The sigma ~ 0 + ID line in particular is a sticking point for me: I got it from https://magesblog.com/post/2018-01-30-pkpd-reserving-models/ , but I really don’t quite understand what I’m specifying there. I think I tried it with 1 + ID and I don’t think it worked any better.

Summary
I’m very much hoping that this all comes down to a silly specification issue in the syntax, and that’s what I’m assuming that it is. But I’m just getting started on this project, and the aim is to dig deep and eventually be specifying things in a better way, so I would also not be displeased if this is going to mean learning the ins and outs of STAN syntax, as that would make for a fun project too!
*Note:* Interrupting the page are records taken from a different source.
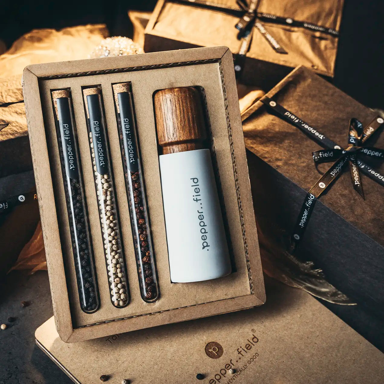 Každou sadu pečlivě kompletujeme ručně a zavazujeme stuhou. Detaily i tvar každé krabičky navrhujeme sami. Věříme, že nejlepší pepř světa si zaslouží to nejhezčí balení. Právě proto se naše dárky odlišují – precizností, elegancí a řemeslnou kvalitou, kterou jinde nenajdete.
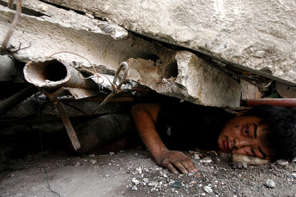 2008年5月15日,在四川省北川縣城的廢墟下,26歲的男子陳堅(jiān)在等待援救。晚上8時(shí),經(jīng)過7個(gè)鐘頭的營(yíng)救他被救出,但由于傷勢(shì)嚴(yán)重沒能活下來(lái)。作者:郭鐵流 中國(guó)
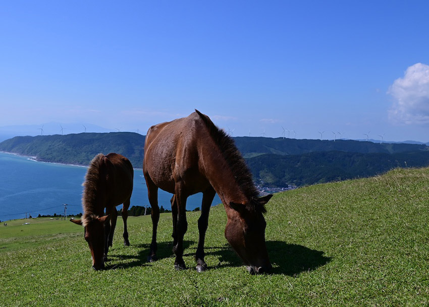 宮崎県の最南端の都井岬一帯に生息する野生馬。この馬は江戸時代に高鍋藩が放牧したのが始まりで、国の天然記念物に指定。自然の中でたくましく生きる姿を近くで観察できます。4月から5月にかけては春駒と呼ばれる子馬が多く生まれ、タイミングが良ければ可愛い姿を見ることができます。
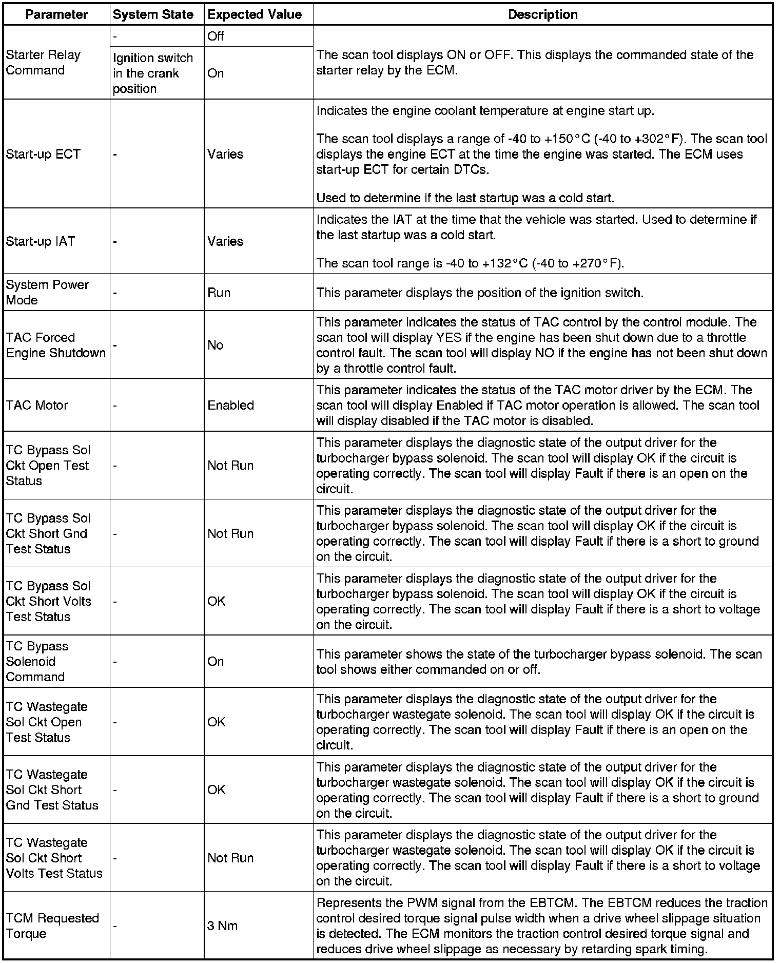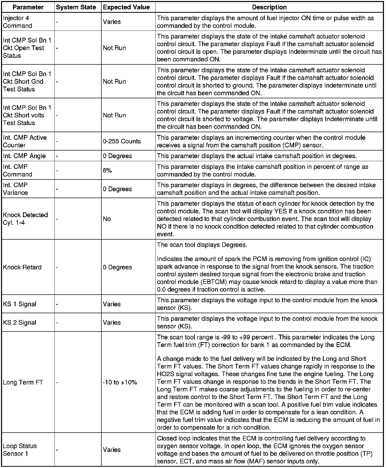 Only the parameters listed below are referenced in this service manual for use in diagnosis. If all values are within the typical range described below, refer to Symptoms - Engine Controls (Symptoms - Engine Controls) for the 2.0L engine for diagnosis.
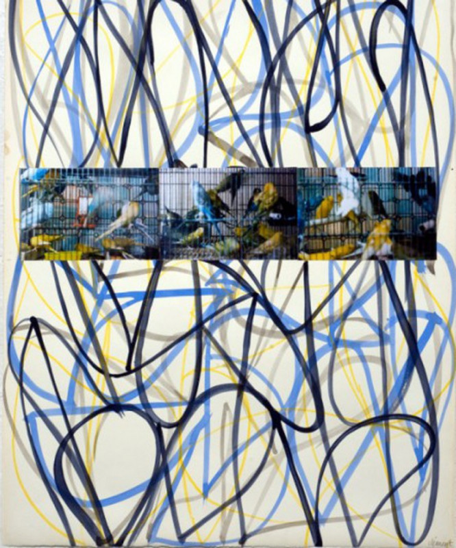 Composition : la surface est mise au carreau. Chaque surface carrée comporte une information visuelle particulière n’ayant, seule, pas assez de caractéristiques pour permettre son identification avec une réalité extérieure (c’est une photo, une couleur, un trait, une lettre). L’ensemble forme les maillons d’une chaîne d’inscriptions à lire en interactions cumulatives et qui constituent les conditions nécessaires et juste suffisantes pour y reconnaître l’image déconstruite d’un paysage de mer. C’est à la fois l’image de la façon dont est fait ce tableau (formalisme) et ce à quoi il renvoie (naturalisme)[i]. »

Thank you so much in advance for any help!

  • Operating System: Windows 10
  • brms Version: 2.3.1

#2

First, I would leave sigma as is and not predict it at least for now. If that still fails, you need to specify reasonable priors on the “random” effects standard deviations (via class = "sd" in set_prior). Very likely their default priors are far too wide, which may cause some problems.

Also, you seem to specify formulas for vb twice. I believe the second just overwrites the first, but it is still confusing when reading the model specification.


#3

As another recommendation: Try to make sure that your non-linear parameters are roughly of the same order of magnitute. If one is, say, between 0.001 and 0.01 and another is between 100 and 1000, Stan may have trouble sampling from the model.


#4

Thanks so much for the response!

I tried removing sigma and ran into the same issues. Also noticed that the sigma in the single individual case was concentrated around 0.02, so I tried a much more restrictive prior over sigma to no avail. I guess it must be the SD priors then.

I’ll fiddle with them sometime this week then and get back to you!

Thanks again! I really appreciate the help!